→ **GIVEN DATA**:
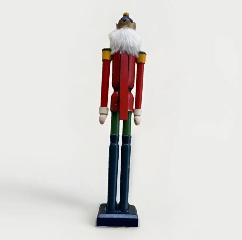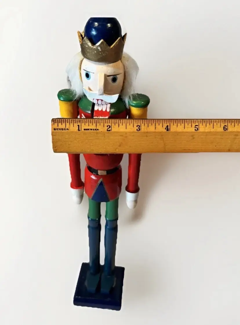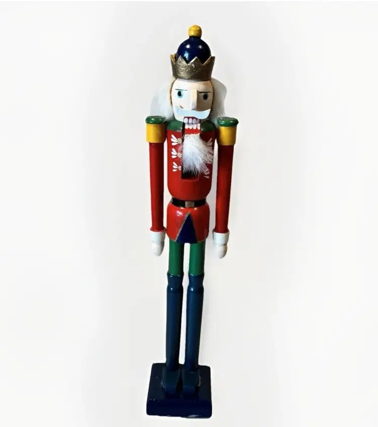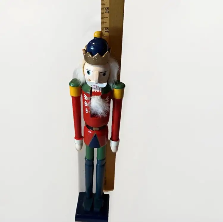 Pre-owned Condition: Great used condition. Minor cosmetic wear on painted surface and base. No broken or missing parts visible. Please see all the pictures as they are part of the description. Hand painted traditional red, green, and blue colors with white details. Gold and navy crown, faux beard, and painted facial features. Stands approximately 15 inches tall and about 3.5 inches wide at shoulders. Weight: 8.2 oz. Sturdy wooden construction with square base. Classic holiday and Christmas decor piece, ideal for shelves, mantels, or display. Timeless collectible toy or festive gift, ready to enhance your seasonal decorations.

==

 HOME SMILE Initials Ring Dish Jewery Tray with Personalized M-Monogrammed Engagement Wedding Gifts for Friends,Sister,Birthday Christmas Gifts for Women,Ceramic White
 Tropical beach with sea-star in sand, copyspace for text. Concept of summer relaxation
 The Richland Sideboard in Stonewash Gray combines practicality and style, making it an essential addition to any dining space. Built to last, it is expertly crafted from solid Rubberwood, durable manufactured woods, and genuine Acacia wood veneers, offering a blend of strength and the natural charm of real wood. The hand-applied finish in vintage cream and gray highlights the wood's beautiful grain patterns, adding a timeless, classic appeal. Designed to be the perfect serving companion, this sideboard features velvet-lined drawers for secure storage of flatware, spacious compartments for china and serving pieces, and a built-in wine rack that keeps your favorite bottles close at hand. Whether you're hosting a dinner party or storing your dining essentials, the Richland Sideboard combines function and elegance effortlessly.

---

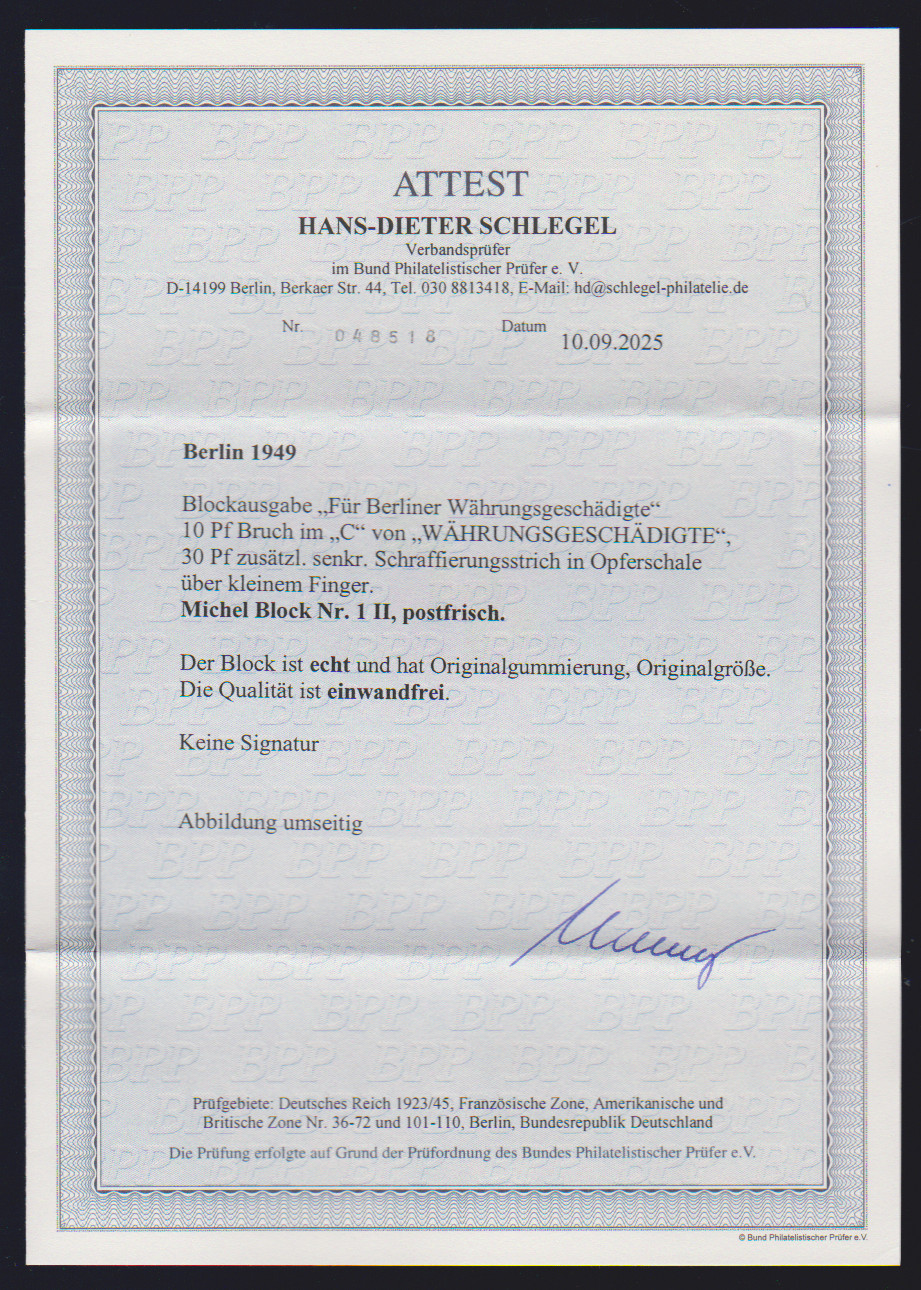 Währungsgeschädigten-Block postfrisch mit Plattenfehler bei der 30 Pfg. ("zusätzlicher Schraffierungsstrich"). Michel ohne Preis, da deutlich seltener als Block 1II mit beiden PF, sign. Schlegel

→ **ASSIGNMENT**:
In the data above, retype exactly and only the lines between the one holding "HOME SMILE Initials" and the one holding "Tropical beach with", inclusive.

→ **TASK RESULT**:
 HOME SMILE Initials Ring Dish Jewery Tray with Personalized M-Monogrammed Engagement Wedding Gifts for Friends,Sister,Birthday Christmas Gifts for Women,Ceramic White
 Tropical beach with sea-star in sand, copyspace for text. Concept of summer relaxation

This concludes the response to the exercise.